# WORK REQUEST
Could you repeat the entries below exactly, but only from the line with "主讲人:文可居时间:20XX" through the line with "SEAT: FRONT POWER", and without any picture?

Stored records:
*** Block opens ***

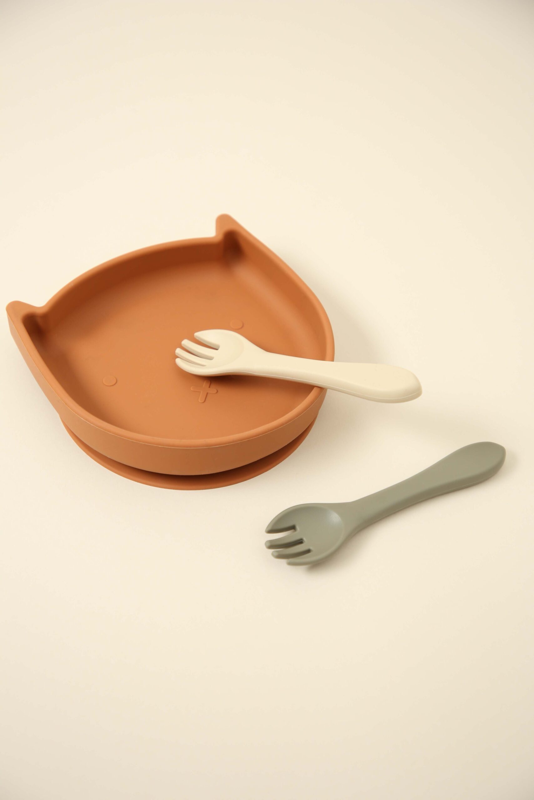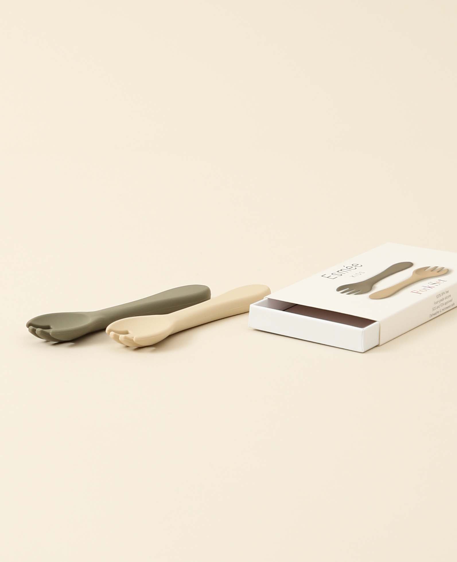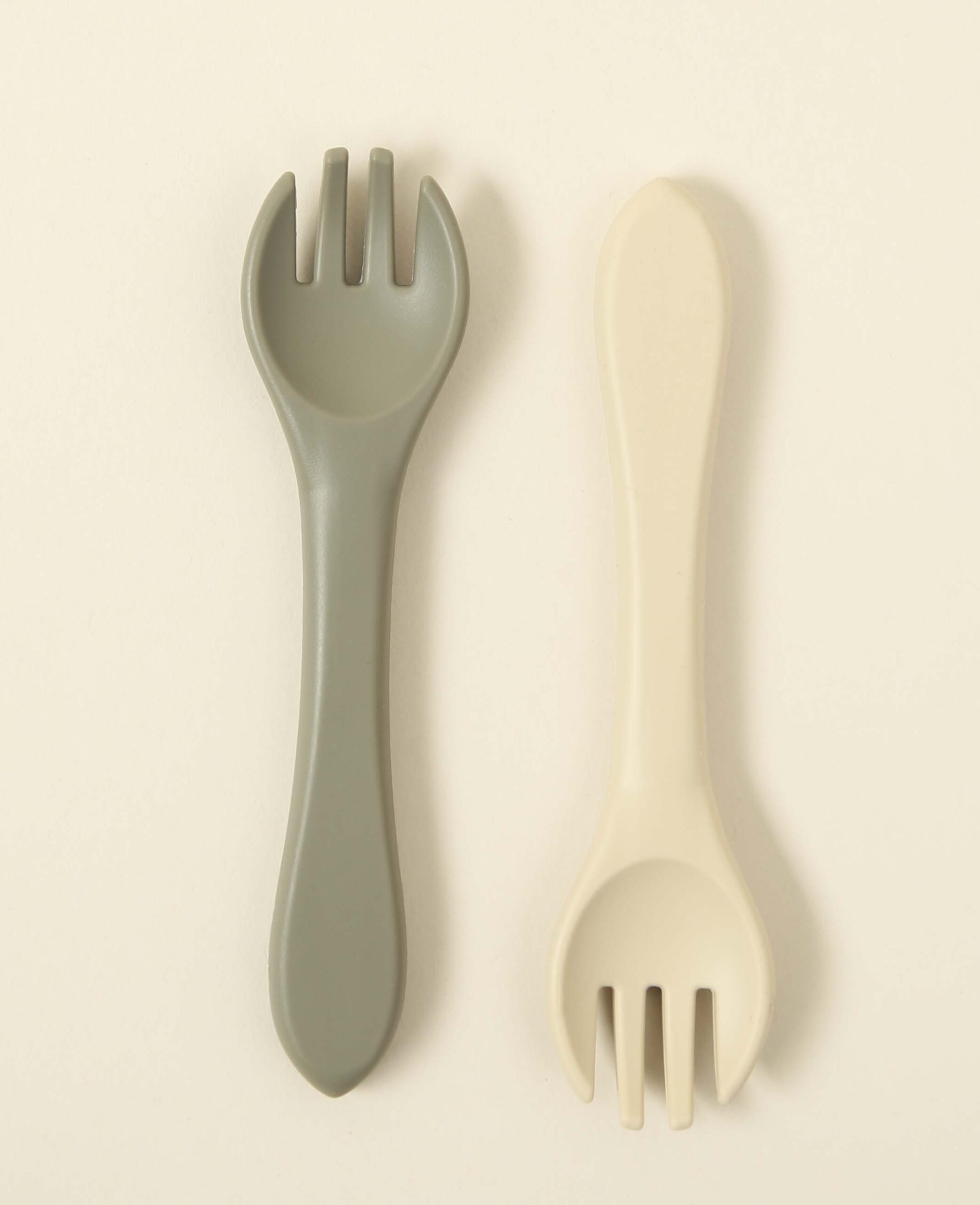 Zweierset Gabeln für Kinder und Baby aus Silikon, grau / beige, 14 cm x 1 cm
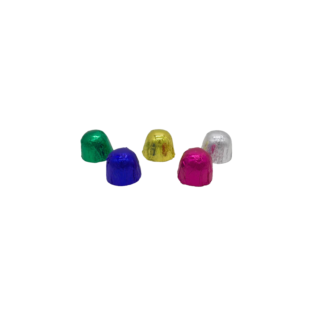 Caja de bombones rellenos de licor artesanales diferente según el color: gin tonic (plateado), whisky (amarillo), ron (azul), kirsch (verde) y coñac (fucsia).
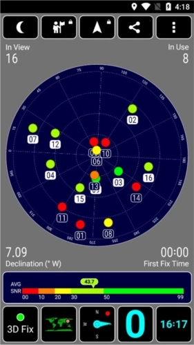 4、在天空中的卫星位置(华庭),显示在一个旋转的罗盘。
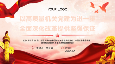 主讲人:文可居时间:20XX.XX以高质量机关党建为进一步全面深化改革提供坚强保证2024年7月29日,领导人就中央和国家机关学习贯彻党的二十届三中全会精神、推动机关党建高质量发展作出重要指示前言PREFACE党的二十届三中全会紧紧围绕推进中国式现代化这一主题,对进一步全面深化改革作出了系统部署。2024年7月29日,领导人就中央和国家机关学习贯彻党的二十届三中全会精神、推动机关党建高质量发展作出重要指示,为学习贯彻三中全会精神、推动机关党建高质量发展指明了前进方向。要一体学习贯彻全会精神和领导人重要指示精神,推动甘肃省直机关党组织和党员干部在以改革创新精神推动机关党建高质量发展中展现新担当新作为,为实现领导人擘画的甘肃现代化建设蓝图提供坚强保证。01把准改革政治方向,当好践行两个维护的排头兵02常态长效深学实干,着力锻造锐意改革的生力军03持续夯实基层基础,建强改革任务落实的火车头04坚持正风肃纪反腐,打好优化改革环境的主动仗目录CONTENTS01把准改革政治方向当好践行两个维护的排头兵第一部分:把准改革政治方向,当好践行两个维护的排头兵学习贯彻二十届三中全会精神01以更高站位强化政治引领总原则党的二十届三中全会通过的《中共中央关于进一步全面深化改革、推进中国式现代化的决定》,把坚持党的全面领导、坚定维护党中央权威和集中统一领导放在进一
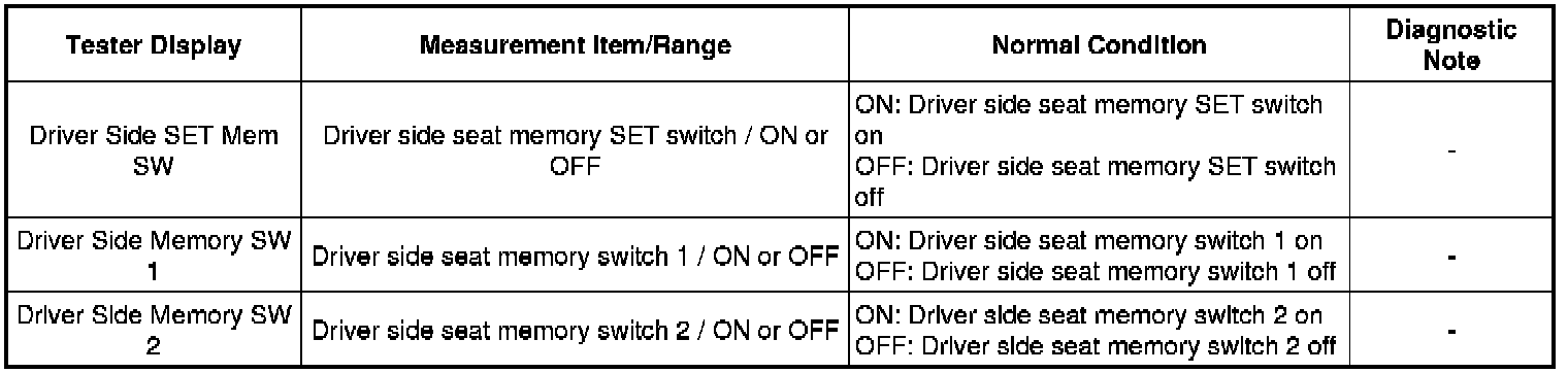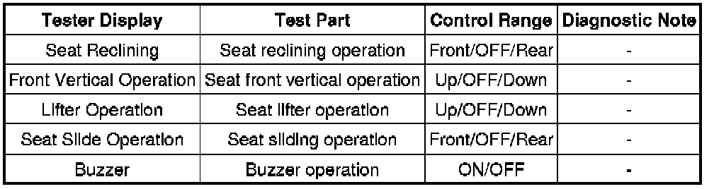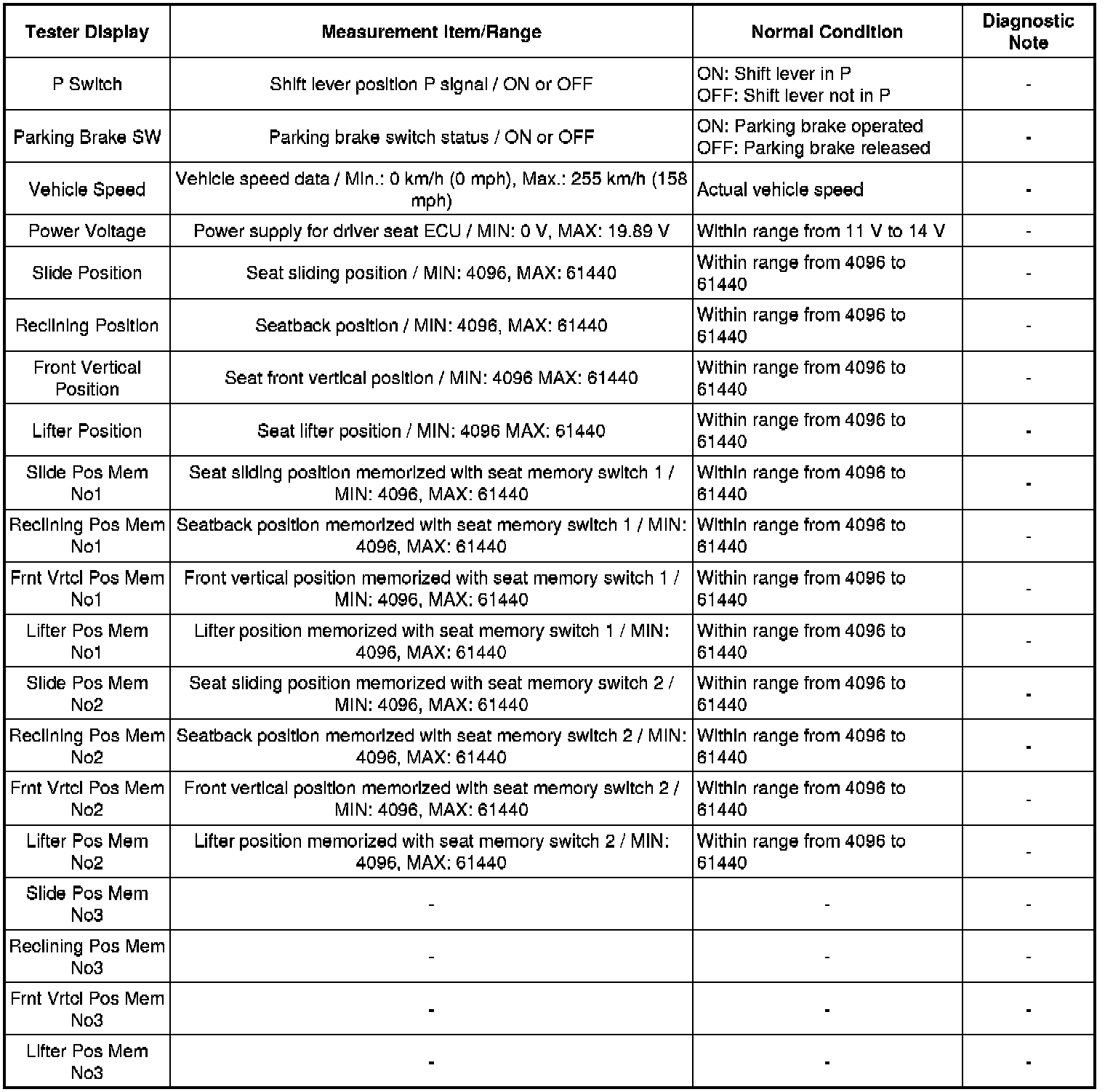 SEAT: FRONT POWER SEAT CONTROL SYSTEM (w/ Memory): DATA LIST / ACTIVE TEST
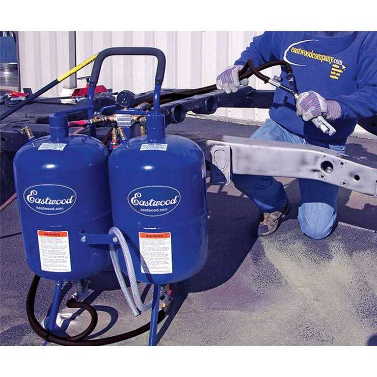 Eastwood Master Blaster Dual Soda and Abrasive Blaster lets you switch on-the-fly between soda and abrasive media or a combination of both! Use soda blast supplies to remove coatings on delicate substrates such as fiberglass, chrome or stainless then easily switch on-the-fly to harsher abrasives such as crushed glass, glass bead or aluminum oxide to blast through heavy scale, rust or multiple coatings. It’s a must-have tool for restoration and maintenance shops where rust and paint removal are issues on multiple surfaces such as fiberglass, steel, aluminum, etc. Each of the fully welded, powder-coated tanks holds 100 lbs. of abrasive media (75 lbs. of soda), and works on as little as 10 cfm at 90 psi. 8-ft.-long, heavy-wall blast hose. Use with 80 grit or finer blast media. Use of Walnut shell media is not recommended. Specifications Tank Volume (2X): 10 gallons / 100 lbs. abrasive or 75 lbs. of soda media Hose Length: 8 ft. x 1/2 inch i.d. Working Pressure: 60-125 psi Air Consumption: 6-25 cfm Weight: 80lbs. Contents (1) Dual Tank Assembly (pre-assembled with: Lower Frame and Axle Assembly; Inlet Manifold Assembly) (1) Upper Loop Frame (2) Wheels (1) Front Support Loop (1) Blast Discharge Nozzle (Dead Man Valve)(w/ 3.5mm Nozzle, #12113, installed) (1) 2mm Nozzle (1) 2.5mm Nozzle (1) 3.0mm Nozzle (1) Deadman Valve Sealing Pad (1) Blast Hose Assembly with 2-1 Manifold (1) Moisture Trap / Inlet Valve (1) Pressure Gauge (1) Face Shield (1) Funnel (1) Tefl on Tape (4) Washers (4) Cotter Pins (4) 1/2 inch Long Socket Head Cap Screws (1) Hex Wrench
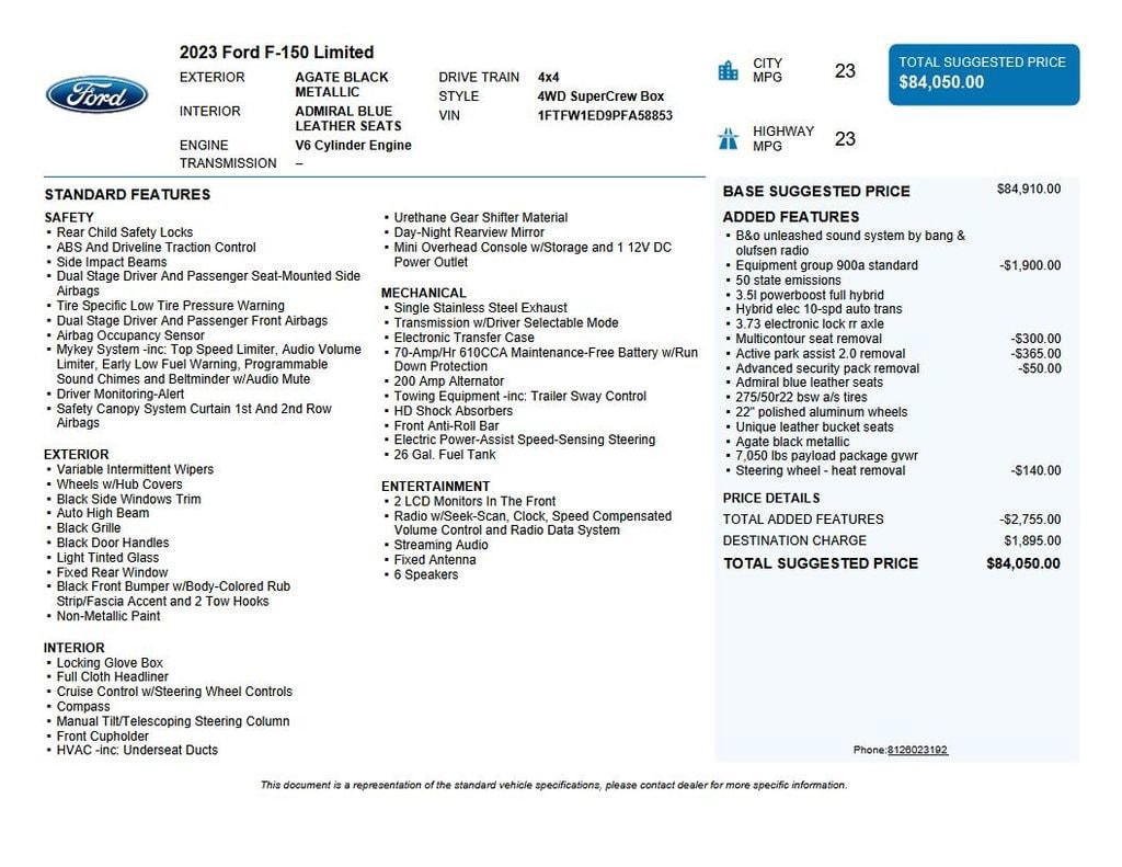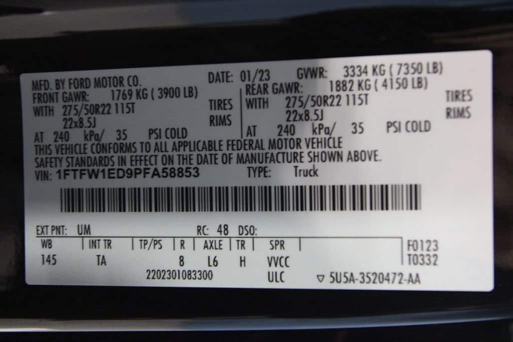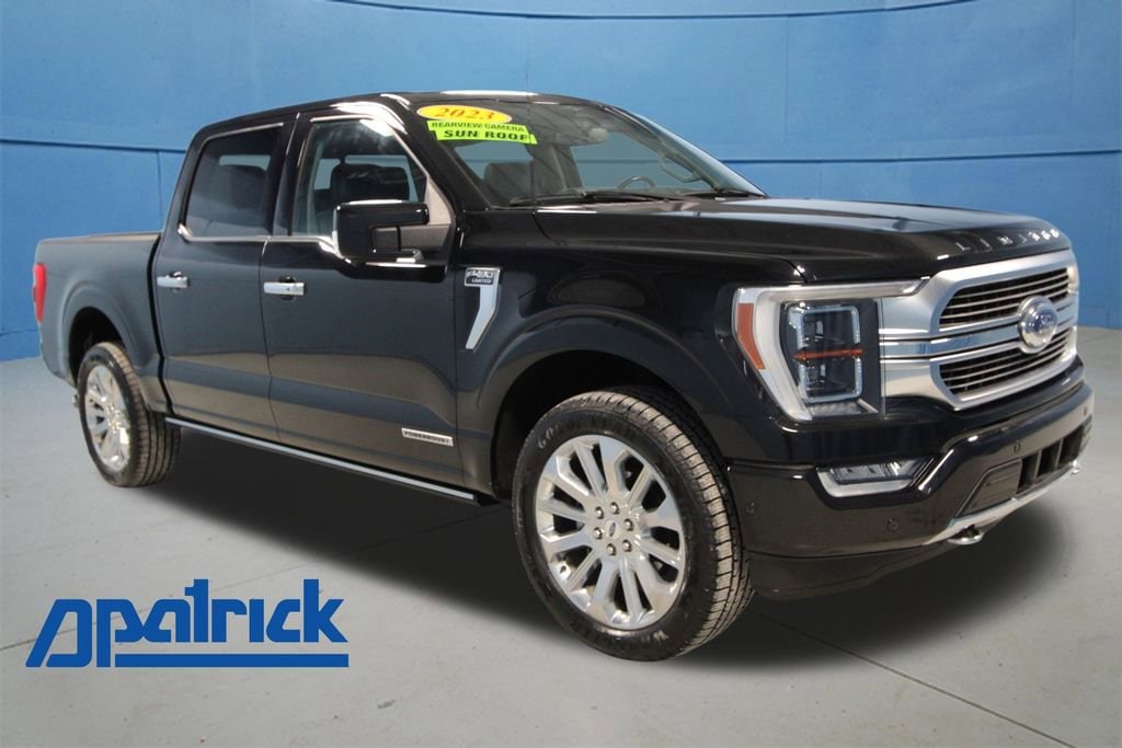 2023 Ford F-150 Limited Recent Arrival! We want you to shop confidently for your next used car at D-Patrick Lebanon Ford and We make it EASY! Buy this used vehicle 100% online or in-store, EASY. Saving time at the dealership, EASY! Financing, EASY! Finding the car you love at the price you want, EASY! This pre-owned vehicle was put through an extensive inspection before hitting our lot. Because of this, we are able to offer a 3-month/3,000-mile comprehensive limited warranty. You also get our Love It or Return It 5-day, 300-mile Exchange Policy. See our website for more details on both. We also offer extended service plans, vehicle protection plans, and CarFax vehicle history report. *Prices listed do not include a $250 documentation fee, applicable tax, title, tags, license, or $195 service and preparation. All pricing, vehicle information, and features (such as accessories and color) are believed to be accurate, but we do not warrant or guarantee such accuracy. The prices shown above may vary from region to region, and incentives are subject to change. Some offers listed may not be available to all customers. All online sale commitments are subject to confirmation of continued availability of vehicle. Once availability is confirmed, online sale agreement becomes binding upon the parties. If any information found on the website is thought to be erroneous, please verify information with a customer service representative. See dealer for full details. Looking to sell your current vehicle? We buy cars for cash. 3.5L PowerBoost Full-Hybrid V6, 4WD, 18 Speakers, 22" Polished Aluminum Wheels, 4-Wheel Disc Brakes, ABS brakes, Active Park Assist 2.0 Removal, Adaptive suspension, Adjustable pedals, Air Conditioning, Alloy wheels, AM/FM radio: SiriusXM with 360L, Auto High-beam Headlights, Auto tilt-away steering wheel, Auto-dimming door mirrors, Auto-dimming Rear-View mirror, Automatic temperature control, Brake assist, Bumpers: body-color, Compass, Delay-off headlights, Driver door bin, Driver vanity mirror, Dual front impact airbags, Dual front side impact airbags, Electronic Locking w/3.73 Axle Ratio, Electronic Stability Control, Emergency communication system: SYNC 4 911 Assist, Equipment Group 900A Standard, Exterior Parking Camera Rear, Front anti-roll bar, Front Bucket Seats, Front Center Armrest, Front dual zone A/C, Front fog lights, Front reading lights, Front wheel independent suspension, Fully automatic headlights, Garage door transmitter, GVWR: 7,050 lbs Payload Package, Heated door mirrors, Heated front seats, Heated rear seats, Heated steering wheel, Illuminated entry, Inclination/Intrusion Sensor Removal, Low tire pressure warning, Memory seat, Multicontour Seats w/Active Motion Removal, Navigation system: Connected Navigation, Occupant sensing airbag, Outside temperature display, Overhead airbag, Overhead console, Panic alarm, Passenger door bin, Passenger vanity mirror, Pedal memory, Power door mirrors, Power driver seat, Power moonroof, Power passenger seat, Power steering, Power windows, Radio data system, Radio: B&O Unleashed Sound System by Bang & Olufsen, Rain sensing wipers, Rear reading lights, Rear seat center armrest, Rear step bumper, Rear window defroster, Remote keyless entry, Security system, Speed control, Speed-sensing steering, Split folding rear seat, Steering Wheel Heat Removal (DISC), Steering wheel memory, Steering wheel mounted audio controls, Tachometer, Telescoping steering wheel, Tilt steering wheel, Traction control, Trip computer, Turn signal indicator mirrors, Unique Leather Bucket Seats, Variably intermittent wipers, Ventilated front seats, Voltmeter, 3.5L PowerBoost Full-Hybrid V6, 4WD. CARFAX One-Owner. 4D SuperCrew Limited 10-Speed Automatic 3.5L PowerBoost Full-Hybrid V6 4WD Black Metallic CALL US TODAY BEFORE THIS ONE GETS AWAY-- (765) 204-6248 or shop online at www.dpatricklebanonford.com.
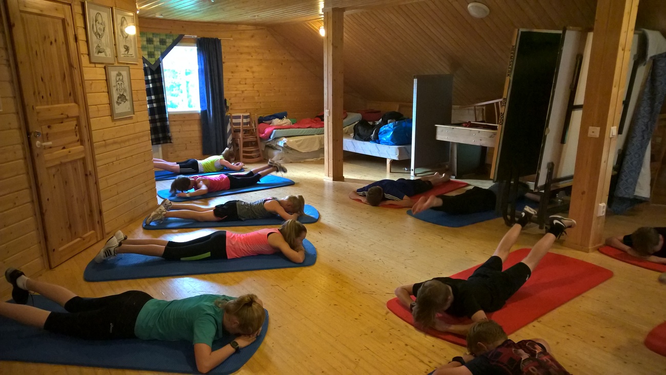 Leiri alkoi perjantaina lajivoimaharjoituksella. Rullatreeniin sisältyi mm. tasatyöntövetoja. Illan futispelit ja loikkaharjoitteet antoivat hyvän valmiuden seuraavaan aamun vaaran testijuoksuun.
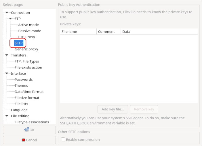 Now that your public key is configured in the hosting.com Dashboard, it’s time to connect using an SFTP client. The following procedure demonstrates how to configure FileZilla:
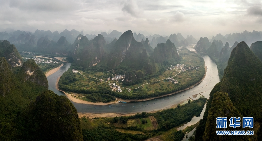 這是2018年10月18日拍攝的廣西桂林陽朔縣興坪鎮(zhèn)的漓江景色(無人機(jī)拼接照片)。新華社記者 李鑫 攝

*** Block closes ***

# YOUR RESPONSE
 主讲人:文可居时间:20XX.XX以高质量机关党建为进一步全面深化改革提供坚强保证2024年7月29日,领导人就中央和国家机关学习贯彻党的二十届三中全会精神、推动机关党建高质量发展作出重要指示前言PREFACE党的二十届三中全会紧紧围绕推进中国式现代化这一主题,对进一步全面深化改革作出了系统部署。2024年7月29日,领导人就中央和国家机关学习贯彻党的二十届三中全会精神、推动机关党建高质量发展作出重要指示,为学习贯彻三中全会精神、推动机关党建高质量发展指明了前进方向。要一体学习贯彻全会精神和领导人重要指示精神,推动甘肃省直机关党组织和党员干部在以改革创新精神推动机关党建高质量发展中展现新担当新作为,为实现领导人擘画的甘肃现代化建设蓝图提供坚强保证。01把准改革政治方向,当好践行两个维护的排头兵02常态长效深学实干,着力锻造锐意改革的生力军03持续夯实基层基础,建强改革任务落实的火车头04坚持正风肃纪反腐,打好优化改革环境的主动仗目录CONTENTS01把准改革政治方向当好践行两个维护的排头兵第一部分:把准改革政治方向,当好践行两个维护的排头兵学习贯彻二十届三中全会精神01以更高站位强化政治引领总原则党的二十届三中全会通过的《中共中央关于进一步全面深化改革、推进中国式现代化的决定》,把坚持党的全面领导、坚定维护党中央权威和集中统一领导放在进一
 SEAT: FRONT POWER SEAT CONTROL SYSTEM (w/ Memory): DATA LIST / ACTIVE TEST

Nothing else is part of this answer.